The Conjugal Dictatorship of Ferdinand and Imelda Marcos
- Author: Primitivo M. Mijares
- Language: English
- Genre: Memoir
- Publisher: Ateneo de Manila University Press, University of Michigan
- Publication date: April 27, 1976
- Publication place: Philippines
- Media type: Print (hardback and paperback)
- Pages: 430

= The Conjugal Dictatorship of Ferdinand and Imelda Marcos =

1976 memoir by Primitivo Mijares

The Conjugal Dictatorship of Ferdinand and Imelda Marcos is a 1976 memoir written in exile by former press censor and propagandist Primitivo Mijares. It details the inner workings of Philippine martial law under President Ferdinand Marcos Sr. from the perspective of Mijares.

The book's use of the term "conjugal dictatorship" has since been used specifically for the rule of Marcos and his wife, First Lady Imelda Marcos, and more generally for a type of family dictatorship.

== Background and conception ==
A journalist who had become a propagandist and confidant for Ferdinand Marcos, Primitivo Mijares had served under Marcos since 1963 and claimed to have been privy to government's high-level doings. As Chairman of the National Press Club, Mijares ran the Media Advisory Council, a state agency established to censor the press in 1973. Upon the declaration of martial law in September 1972, and with the power to choose which media outlet would be re-opened, the Mijares-led Media Advisory Council was accused of abusing its role and was criticized as a "money-raising tool," leading one of its members, Emil Jurado, to resign. Mijares himself, after failing to account for NPC funds, ran away to the US, and joined Manglapus' Movement for a Free Philippines and wrote the book. Mijares said that he was offered a bribe amounting to US$100,000 to be dissuaded to testify about the human rights situation in the Philippines, and said that he refused the bribe. However, whether there was a bribe by Marcos' associates or whether Mijares himself extorted money from Marcos, and whether Mijares actually received money from Marcos remains unclear. Steve Psinakis, an anti-Marcos critic married into the Lopez family that owns ABS-CBN, wrote in his memoir "A Country Not Even His Own" (2008): "The investigation (referring to the U.S. Justice Department investigation) revealed that after his February 1975 defection, Mijares did, in fact extort money from Marcos by feeding him imaginary information for which Marcos was ignorant enough to pay considerable sums. While Mijares was still receiving money from Marcos, he was at the same time lambasting Marcos in the U.S. press, causing the Marcos regime irreparable damage. It is no wonder the only natural conclusion is that Marcos had his vengeance and did Mijares in."

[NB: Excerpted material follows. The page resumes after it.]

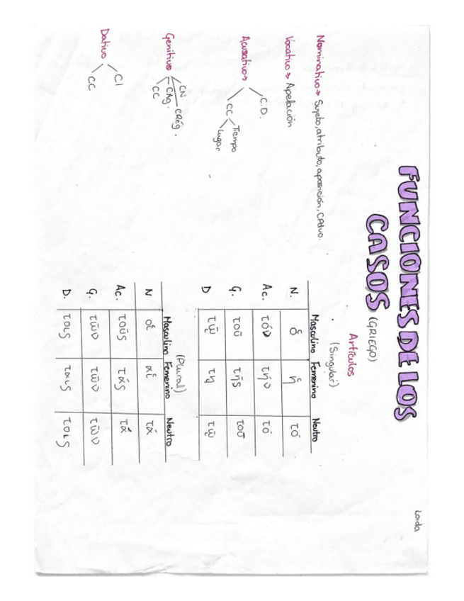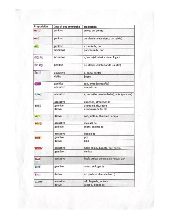 Gramática griega (preposiciones, aoristo, 3ª declinación y artículos); línea temporal de Grecia y funciones más complejas

Attempts to refute some of the book's claims have arisen after more than a decade since its publication. For example, the book insinuated that Marcos plotted the Plaza Miranda bombing to wipe out the entire Liberal Party leadership and that the weapon landing from China for the communists along the coast of Isabela was 'staged'. In 1989, four unnamed "former ranking Party officials" admitted to the plot to bomb Plaza Miranda, and former NPA Victor Corpus admitted that their plot was foiled when the weapons that they were about to receive from communist China was intercepted by the military.

=== Online release and revised edition reprint ===
In May 2016, the heirs of Primitivo Mijares released The Conjugal Dictatorship as a free e-book download from the Ateneo de Manila Rizal Library.

In February 2017, a revised and annotated reprint of the book was released by Mijares' grandson Joseph Christopher Mijares Gurango. The Mijares family admitted that what happened to Primitivo and his youngest son Boyet was so traumatic that they did not want to talk about it, but decided to break their silence with the resurgence of Marcos in the political scene, culminated by the burial of Marcos in the Libingan ng mga Bayani and near victory of the dictator's namesake and son, Ferdinand Jr., in the 2016 national elections. The revised edition was aimed for the "new generation of readers", referring to the millennials, as well as new annotations and "verification of sources".

== Usage of the term ==
While it does not refer to classical forms of diarchy, the qualifier "conjugal" points to absolute, non-monarchical power being held by two halves of a couple. During the Marcos regime, Imelda wielded much more influence than a typical First Lady through her many and varied official positions. These government appointments allowed her to build structures in and around the capital of Manila, and act as a de facto diplomat who traveled the world to meet state leaders.

Supporters, loyalists, and propagandists of the Marcos family criticize the term because they believe that the Marcos regime and Martial Law era was the "golden age" of the Philippines. The children of the Marcos couple, Imee, Bongbong, and Irene, also reject the term for their parents, believing it insulting to their legacy. Meanwhile, Marcos opponents use the word to highlight the couple’s excesses and plundering during their 20-year rule. Other critics, such as relatives of desaparecidos, also use the term to describe the human rights abuses of their joint rule.